Introduction Patients with suspected pancreaticobiliary cancers frequently undergo endoscopic retrograde cholangiopancreatography (ERCP) to obtain brush cytology for confirmatory diagnosis. The outcome of this often leads to the management of the patient and can avoid more invasive investigations. There is a wide range of sensitivities and specificities reported in the literature.

Aims To determine the accuracy of the brush cytology obtained at ERCP by performing a retrospective audit of all patients admitted to Guy's and St. Thomas’ Hospital for ERCP during 2008–2013. Also, to evaluate the impact of cytology results on patient care following ERCP.

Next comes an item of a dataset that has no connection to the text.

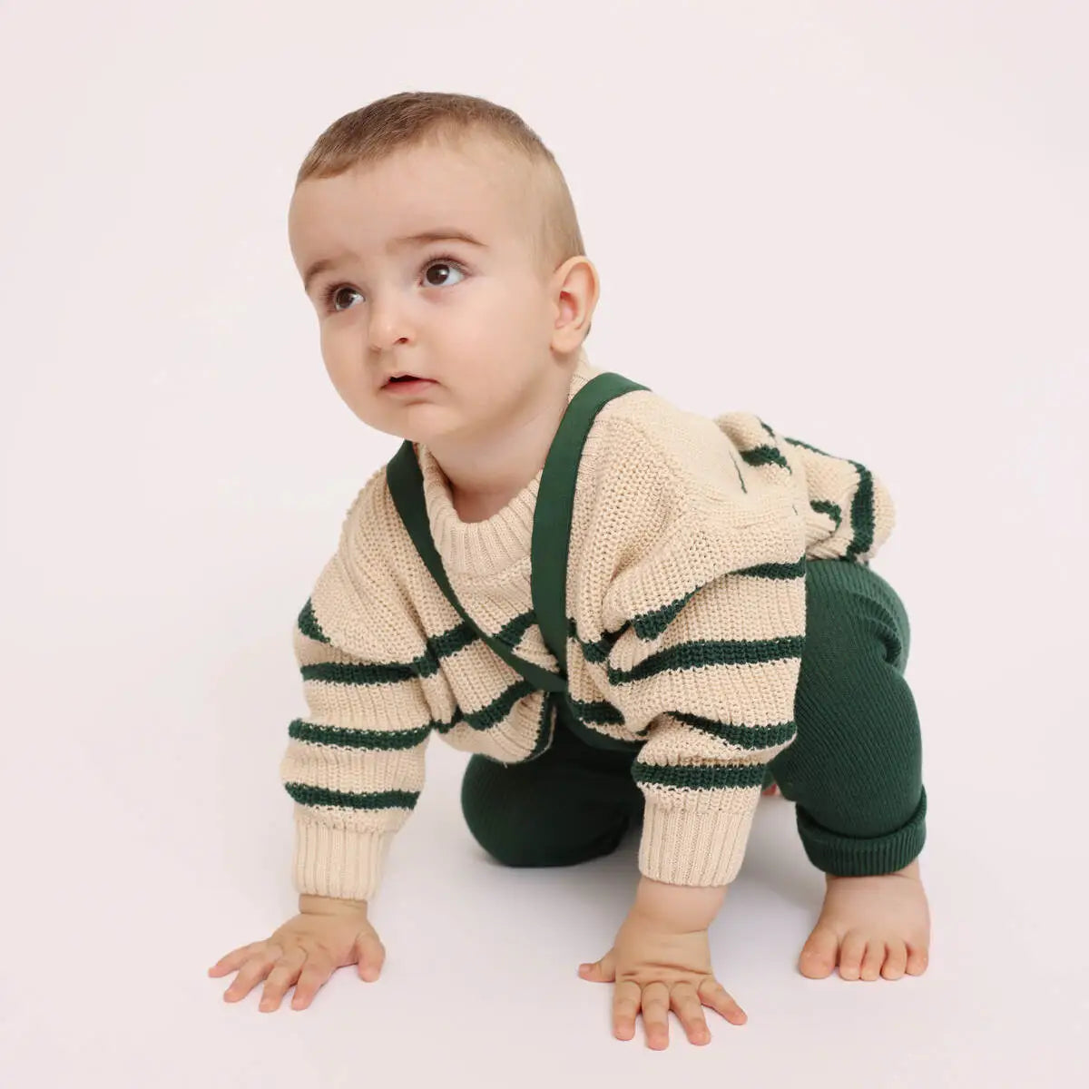 Door de subtiele, natuurlijke kleur met donkergroene strepen zul je lang plezier hebben van deze kindertrui. Dit kledingstuk is makkelijk te combineren met andere kinderkleding.

Method Data were collected from 4 January 2008 to 27 December 2013. This involved analysing EndoSoft (the in-house software for endoscopic data entry), Pathnet (the pathology database) and Electronic Patient Records.

Results 162 patients underwent brush cytology during ERCP. 58 patients had positive cytology. With intention-to-treat analysis, sensitivity was 54.7%, specificity was 100.0% and negative predictive value was 53.9% with a positive predictive value of 100%. Patients with a positive brush cytology result required fewer investigations compared with patients with a negative cytology result.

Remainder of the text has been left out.